GIVEN DATA =>
━━━
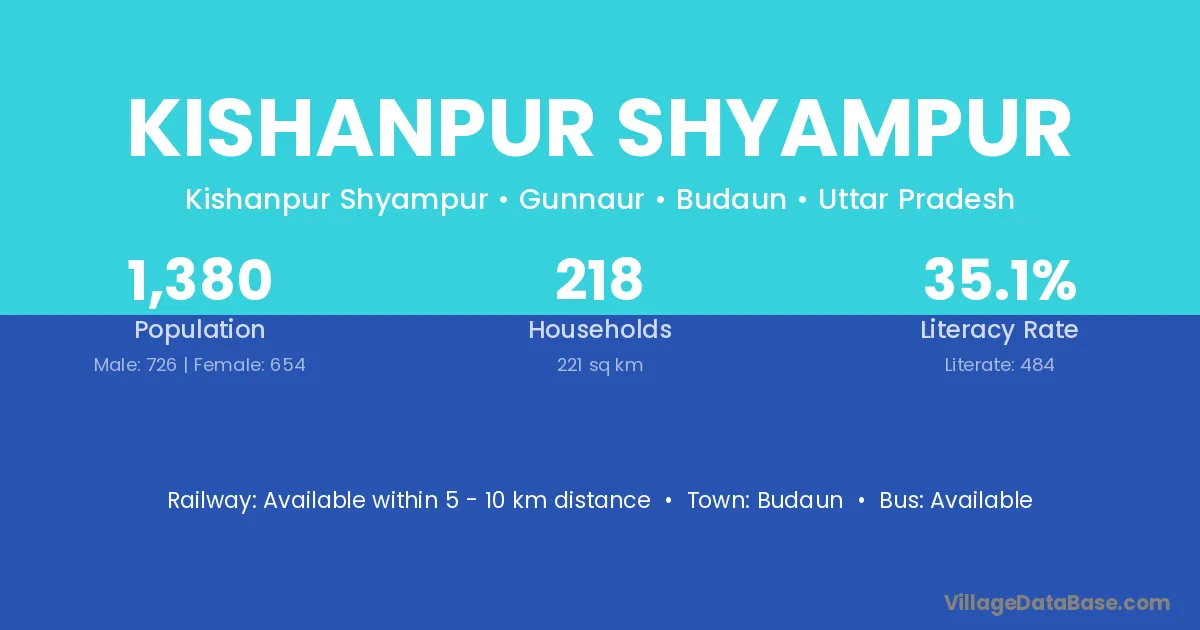 Kishanpur Shyampur village has a total population of 1,380 people, of which 726 are males and 654 are females.
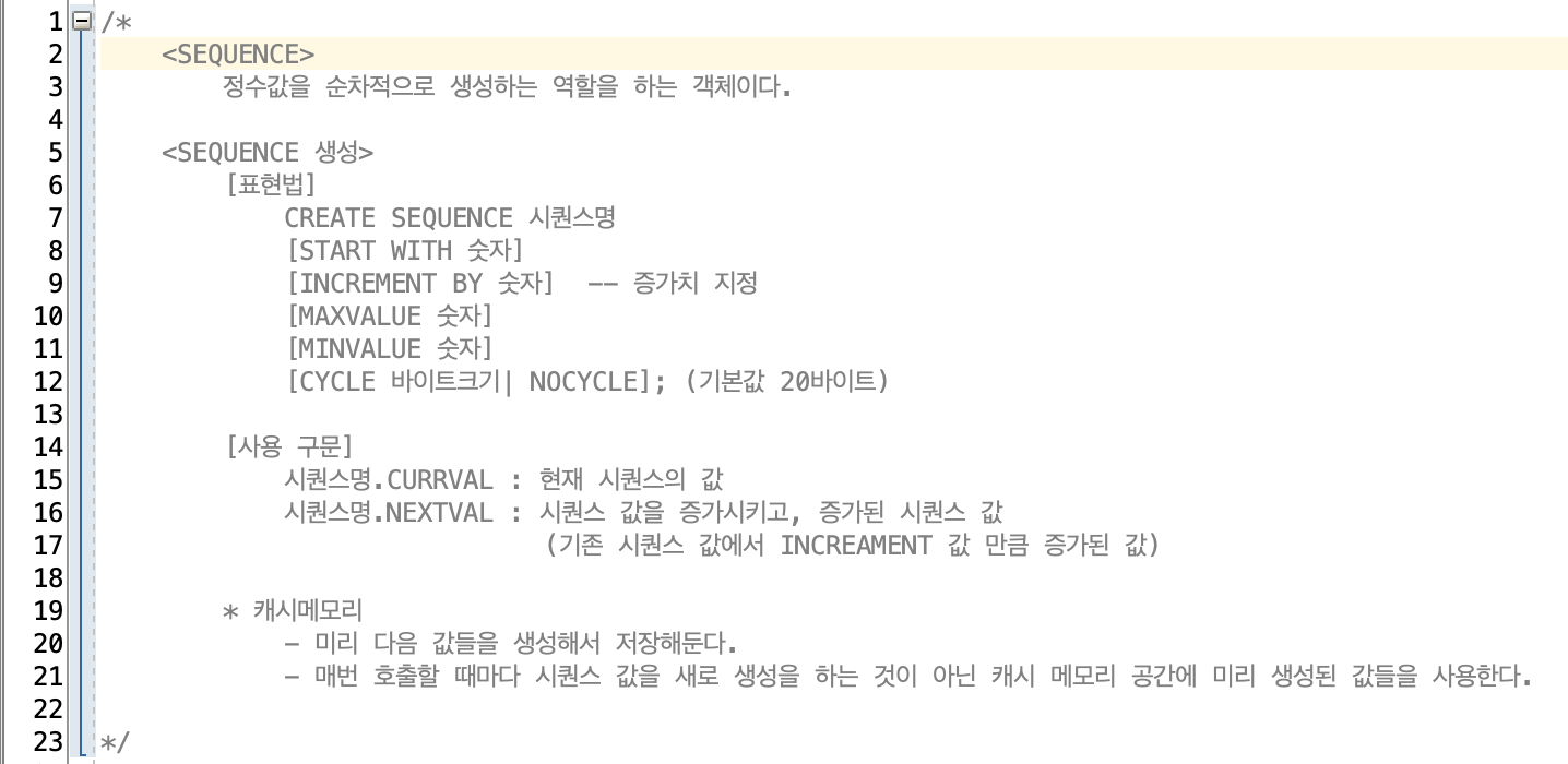 -> [CACHE | NOCACHE] -> CACHE는 메모리 상에서 시퀀스 값 관리, 기본값 20
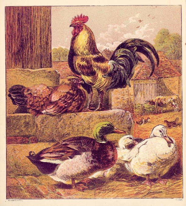 A mallard duck and two white ducks join a number of other birds and animals in the barnyard in this full-color vintage drawing of birds. The ducks could easily be cropped out of this picture and used separately.
━━━
THE PROBLEM =>
In your answer, copy exactly the lines running from the line with "-> [CACHE |" to the end of the material above, both included, and omit all pictures.

ANSWER SECTION =>
 -> [CACHE | NOCACHE] -> CACHE는 메모리 상에서 시퀀스 값 관리, 기본값 20
 A mallard duck and two white ducks join a number of other birds and animals in the barnyard in this full-color vintage drawing of birds. The ducks could easily be cropped out of this picture and used separately.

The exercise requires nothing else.